• What you should do: Write out all of the entries exactly, please.

• Collected data entries:
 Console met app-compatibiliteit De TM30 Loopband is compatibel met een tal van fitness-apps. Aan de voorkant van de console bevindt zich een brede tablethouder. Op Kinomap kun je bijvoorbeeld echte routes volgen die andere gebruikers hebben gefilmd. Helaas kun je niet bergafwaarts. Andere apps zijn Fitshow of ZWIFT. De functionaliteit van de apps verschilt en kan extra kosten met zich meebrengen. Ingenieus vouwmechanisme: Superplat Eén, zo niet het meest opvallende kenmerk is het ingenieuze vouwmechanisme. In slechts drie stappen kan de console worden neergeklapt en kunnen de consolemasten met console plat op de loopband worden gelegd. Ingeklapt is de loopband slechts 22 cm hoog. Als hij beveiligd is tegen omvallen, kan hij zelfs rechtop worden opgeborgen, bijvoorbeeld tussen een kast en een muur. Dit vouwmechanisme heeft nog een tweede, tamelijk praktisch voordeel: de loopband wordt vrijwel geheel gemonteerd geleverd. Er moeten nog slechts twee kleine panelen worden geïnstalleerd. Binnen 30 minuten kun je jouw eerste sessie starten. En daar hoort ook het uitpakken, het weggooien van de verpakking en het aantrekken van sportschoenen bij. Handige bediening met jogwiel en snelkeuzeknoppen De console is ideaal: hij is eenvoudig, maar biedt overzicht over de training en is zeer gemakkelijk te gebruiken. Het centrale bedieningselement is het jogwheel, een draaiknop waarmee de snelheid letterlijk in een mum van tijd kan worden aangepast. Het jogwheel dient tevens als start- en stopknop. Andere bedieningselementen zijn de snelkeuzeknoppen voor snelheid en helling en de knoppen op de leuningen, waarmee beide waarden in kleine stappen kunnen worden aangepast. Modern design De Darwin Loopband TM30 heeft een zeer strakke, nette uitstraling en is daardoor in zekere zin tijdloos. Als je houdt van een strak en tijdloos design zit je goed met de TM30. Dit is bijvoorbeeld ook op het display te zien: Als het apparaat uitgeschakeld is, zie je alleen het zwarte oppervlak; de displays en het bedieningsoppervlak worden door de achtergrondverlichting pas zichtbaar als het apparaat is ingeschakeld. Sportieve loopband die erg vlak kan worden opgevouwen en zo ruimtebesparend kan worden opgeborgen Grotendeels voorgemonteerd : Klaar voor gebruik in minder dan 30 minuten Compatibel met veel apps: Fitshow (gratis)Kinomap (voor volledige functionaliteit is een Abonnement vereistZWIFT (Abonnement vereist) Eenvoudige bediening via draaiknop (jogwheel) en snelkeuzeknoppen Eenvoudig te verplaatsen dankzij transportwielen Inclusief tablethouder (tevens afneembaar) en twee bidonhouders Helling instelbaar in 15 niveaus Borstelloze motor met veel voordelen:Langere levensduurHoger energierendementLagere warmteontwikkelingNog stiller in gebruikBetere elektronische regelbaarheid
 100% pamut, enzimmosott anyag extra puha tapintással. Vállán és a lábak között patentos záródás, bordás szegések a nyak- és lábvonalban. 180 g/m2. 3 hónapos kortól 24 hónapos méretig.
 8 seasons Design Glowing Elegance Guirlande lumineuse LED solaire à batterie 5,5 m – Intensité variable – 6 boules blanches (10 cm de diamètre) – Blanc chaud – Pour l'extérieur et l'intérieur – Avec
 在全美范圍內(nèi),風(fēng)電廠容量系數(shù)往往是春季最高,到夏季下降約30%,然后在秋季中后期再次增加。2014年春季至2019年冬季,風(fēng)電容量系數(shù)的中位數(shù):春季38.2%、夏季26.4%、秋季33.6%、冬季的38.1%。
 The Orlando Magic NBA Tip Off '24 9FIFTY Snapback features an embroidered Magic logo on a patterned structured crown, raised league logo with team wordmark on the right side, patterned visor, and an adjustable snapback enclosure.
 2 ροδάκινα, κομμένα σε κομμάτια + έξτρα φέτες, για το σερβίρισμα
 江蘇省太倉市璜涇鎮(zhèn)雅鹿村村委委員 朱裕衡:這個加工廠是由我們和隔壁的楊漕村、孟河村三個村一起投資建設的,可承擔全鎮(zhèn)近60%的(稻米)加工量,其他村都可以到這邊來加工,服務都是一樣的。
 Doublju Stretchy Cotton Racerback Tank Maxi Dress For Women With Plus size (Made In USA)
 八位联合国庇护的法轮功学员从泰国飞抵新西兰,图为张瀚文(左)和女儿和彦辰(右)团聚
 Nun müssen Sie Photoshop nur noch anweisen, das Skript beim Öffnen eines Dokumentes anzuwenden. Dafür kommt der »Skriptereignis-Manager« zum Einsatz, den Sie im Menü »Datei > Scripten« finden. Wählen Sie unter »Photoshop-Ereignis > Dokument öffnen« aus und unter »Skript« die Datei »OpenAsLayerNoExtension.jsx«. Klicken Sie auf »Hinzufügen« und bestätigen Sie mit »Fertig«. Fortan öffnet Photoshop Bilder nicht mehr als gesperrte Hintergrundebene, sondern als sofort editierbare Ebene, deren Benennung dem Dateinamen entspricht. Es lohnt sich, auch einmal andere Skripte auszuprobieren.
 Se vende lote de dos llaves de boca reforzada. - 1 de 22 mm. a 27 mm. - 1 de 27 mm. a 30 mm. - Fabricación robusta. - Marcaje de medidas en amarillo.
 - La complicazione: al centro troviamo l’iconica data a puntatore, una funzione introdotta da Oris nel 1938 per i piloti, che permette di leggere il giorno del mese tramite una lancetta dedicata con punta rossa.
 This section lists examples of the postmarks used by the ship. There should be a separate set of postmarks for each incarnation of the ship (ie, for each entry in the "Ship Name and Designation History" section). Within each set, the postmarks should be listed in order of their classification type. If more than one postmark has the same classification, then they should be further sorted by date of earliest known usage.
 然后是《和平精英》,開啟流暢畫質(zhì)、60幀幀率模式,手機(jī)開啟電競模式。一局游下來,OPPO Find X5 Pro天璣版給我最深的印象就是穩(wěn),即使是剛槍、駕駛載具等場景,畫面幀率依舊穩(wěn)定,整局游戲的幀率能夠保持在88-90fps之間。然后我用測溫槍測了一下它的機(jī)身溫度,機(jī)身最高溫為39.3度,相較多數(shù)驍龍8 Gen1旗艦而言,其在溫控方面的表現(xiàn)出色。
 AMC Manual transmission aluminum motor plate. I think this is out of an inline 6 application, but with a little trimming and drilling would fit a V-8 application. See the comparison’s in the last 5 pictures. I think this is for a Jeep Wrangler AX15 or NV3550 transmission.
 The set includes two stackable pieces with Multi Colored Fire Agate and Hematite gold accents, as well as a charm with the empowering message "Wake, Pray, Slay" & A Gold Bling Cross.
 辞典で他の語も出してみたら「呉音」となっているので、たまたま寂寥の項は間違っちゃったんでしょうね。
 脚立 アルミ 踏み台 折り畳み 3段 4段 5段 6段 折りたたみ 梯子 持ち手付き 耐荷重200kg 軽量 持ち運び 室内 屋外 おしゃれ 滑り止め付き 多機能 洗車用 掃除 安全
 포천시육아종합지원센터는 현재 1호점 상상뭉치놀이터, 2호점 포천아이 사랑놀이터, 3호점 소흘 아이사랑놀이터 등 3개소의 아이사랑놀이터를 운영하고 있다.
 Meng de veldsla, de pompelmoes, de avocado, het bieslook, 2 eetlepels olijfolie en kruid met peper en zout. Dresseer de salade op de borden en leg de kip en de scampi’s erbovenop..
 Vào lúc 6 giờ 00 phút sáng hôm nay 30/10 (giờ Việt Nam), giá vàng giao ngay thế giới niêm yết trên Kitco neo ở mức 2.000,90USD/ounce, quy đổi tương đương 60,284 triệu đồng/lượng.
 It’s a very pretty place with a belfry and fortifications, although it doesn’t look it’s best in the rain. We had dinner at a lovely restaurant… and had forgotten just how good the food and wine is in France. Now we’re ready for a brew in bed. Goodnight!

• Solution to the problem:
 Console met app-compatibiliteit De TM30 Loopband is compatibel met een tal van fitness-apps. Aan de voorkant van de console bevindt zich een brede tablethouder. Op Kinomap kun je bijvoorbeeld echte routes volgen die andere gebruikers hebben gefilmd. Helaas kun je niet bergafwaarts. Andere apps zijn Fitshow of ZWIFT. De functionaliteit van de apps verschilt en kan extra kosten met zich meebrengen. Ingenieus vouwmechanisme: Superplat Eén, zo niet het meest opvallende kenmerk is het ingenieuze vouwmechanisme. In slechts drie stappen kan de console worden neergeklapt en kunnen de consolemasten met console plat op de loopband worden gelegd. Ingeklapt is de loopband slechts 22 cm hoog. Als hij beveiligd is tegen omvallen, kan hij zelfs rechtop worden opgeborgen, bijvoorbeeld tussen een kast en een muur. Dit vouwmechanisme heeft nog een tweede, tamelijk praktisch voordeel: de loopband wordt vrijwel geheel gemonteerd geleverd. Er moeten nog slechts twee kleine panelen worden geïnstalleerd. Binnen 30 minuten kun je jouw eerste sessie starten. En daar hoort ook het uitpakken, het weggooien van de verpakking en het aantrekken van sportschoenen bij. Handige bediening met jogwiel en snelkeuzeknoppen De console is ideaal: hij is eenvoudig, maar biedt overzicht over de training en is zeer gemakkelijk te gebruiken. Het centrale bedieningselement is het jogwheel, een draaiknop waarmee de snelheid letterlijk in een mum van tijd kan worden aangepast. Het jogwheel dient tevens als start- en stopknop. Andere bedieningselementen zijn de snelkeuzeknoppen voor snelheid en helling en de knoppen op de leuningen, waarmee beide waarden in kleine stappen kunnen worden aangepast. Modern design De Darwin Loopband TM30 heeft een zeer strakke, nette uitstraling en is daardoor in zekere zin tijdloos. Als je houdt van een strak en tijdloos design zit je goed met de TM30. Dit is bijvoorbeeld ook op het display te zien: Als het apparaat uitgeschakeld is, zie je alleen het zwarte oppervlak; de displays en het bedieningsoppervlak worden door de achtergrondverlichting pas zichtbaar als het apparaat is ingeschakeld. Sportieve loopband die erg vlak kan worden opgevouwen en zo ruimtebesparend kan worden opgeborgen Grotendeels voorgemonteerd : Klaar voor gebruik in minder dan 30 minuten Compatibel met veel apps: Fitshow (gratis)Kinomap (voor volledige functionaliteit is een Abonnement vereistZWIFT (Abonnement vereist) Eenvoudige bediening via draaiknop (jogwheel) en snelkeuzeknoppen Eenvoudig te verplaatsen dankzij transportwielen Inclusief tablethouder (tevens afneembaar) en twee bidonhouders Helling instelbaar in 15 niveaus Borstelloze motor met veel voordelen:Langere levensduurHoger energierendementLagere warmteontwikkelingNog stiller in gebruikBetere elektronische regelbaarheid
 100% pamut, enzimmosott anyag extra puha tapintással. Vállán és a lábak között patentos záródás, bordás szegések a nyak- és lábvonalban. 180 g/m2. 3 hónapos kortól 24 hónapos méretig.
 8 seasons Design Glowing Elegance Guirlande lumineuse LED solaire à batterie 5,5 m – Intensité variable – 6 boules blanches (10 cm de diamètre) – Blanc chaud – Pour l'extérieur et l'intérieur – Avec
 在全美范圍內(nèi),風(fēng)電廠容量系數(shù)往往是春季最高,到夏季下降約30%,然后在秋季中后期再次增加。2014年春季至2019年冬季,風(fēng)電容量系數(shù)的中位數(shù):春季38.2%、夏季26.4%、秋季33.6%、冬季的38.1%。
 The Orlando Magic NBA Tip Off '24 9FIFTY Snapback features an embroidered Magic logo on a patterned structured crown, raised league logo with team wordmark on the right side, patterned visor, and an adjustable snapback enclosure.
 2 ροδάκινα, κομμένα σε κομμάτια + έξτρα φέτες, για το σερβίρισμα
 江蘇省太倉市璜涇鎮(zhèn)雅鹿村村委委員 朱裕衡:這個加工廠是由我們和隔壁的楊漕村、孟河村三個村一起投資建設的,可承擔全鎮(zhèn)近60%的(稻米)加工量,其他村都可以到這邊來加工,服務都是一樣的。
 Doublju Stretchy Cotton Racerback Tank Maxi Dress For Women With Plus size (Made In USA)
 八位联合国庇护的法轮功学员从泰国飞抵新西兰,图为张瀚文(左)和女儿和彦辰(右)团聚
 Nun müssen Sie Photoshop nur noch anweisen, das Skript beim Öffnen eines Dokumentes anzuwenden. Dafür kommt der »Skriptereignis-Manager« zum Einsatz, den Sie im Menü »Datei > Scripten« finden. Wählen Sie unter »Photoshop-Ereignis > Dokument öffnen« aus und unter »Skript« die Datei »OpenAsLayerNoExtension.jsx«. Klicken Sie auf »Hinzufügen« und bestätigen Sie mit »Fertig«. Fortan öffnet Photoshop Bilder nicht mehr als gesperrte Hintergrundebene, sondern als sofort editierbare Ebene, deren Benennung dem Dateinamen entspricht. Es lohnt sich, auch einmal andere Skripte auszuprobieren.
 Se vende lote de dos llaves de boca reforzada. - 1 de 22 mm. a 27 mm. - 1 de 27 mm. a 30 mm. - Fabricación robusta. - Marcaje de medidas en amarillo.
 - La complicazione: al centro troviamo l’iconica data a puntatore, una funzione introdotta da Oris nel 1938 per i piloti, che permette di leggere il giorno del mese tramite una lancetta dedicata con punta rossa.
 This section lists examples of the postmarks used by the ship. There should be a separate set of postmarks for each incarnation of the ship (ie, for each entry in the "Ship Name and Designation History" section). Within each set, the postmarks should be listed in order of their classification type. If more than one postmark has the same classification, then they should be further sorted by date of earliest known usage.
 然后是《和平精英》,開啟流暢畫質(zhì)、60幀幀率模式,手機(jī)開啟電競模式。一局游下來,OPPO Find X5 Pro天璣版給我最深的印象就是穩(wěn),即使是剛槍、駕駛載具等場景,畫面幀率依舊穩(wěn)定,整局游戲的幀率能夠保持在88-90fps之間。然后我用測溫槍測了一下它的機(jī)身溫度,機(jī)身最高溫為39.3度,相較多數(shù)驍龍8 Gen1旗艦而言,其在溫控方面的表現(xiàn)出色。
 AMC Manual transmission aluminum motor plate. I think this is out of an inline 6 application, but with a little trimming and drilling would fit a V-8 application. See the comparison’s in the last 5 pictures. I think this is for a Jeep Wrangler AX15 or NV3550 transmission.
 The set includes two stackable pieces with Multi Colored Fire Agate and Hematite gold accents, as well as a charm with the empowering message "Wake, Pray, Slay" & A Gold Bling Cross.
 辞典で他の語も出してみたら「呉音」となっているので、たまたま寂寥の項は間違っちゃったんでしょうね。
 脚立 アルミ 踏み台 折り畳み 3段 4段 5段 6段 折りたたみ 梯子 持ち手付き 耐荷重200kg 軽量 持ち運び 室内 屋外 おしゃれ 滑り止め付き 多機能 洗車用 掃除 安全
 포천시육아종합지원센터는 현재 1호점 상상뭉치놀이터, 2호점 포천아이 사랑놀이터, 3호점 소흘 아이사랑놀이터 등 3개소의 아이사랑놀이터를 운영하고 있다.
 Meng de veldsla, de pompelmoes, de avocado, het bieslook, 2 eetlepels olijfolie en kruid met peper en zout. Dresseer de salade op de borden en leg de kip en de scampi’s erbovenop..
 Vào lúc 6 giờ 00 phút sáng hôm nay 30/10 (giờ Việt Nam), giá vàng giao ngay thế giới niêm yết trên Kitco neo ở mức 2.000,90USD/ounce, quy đổi tương đương 60,284 triệu đồng/lượng.
 It’s a very pretty place with a belfry and fortifications, although it doesn’t look it’s best in the rain. We had dinner at a lovely restaurant… and had forgotten just how good the food and wine is in France. Now we’re ready for a brew in bed. Goodnight!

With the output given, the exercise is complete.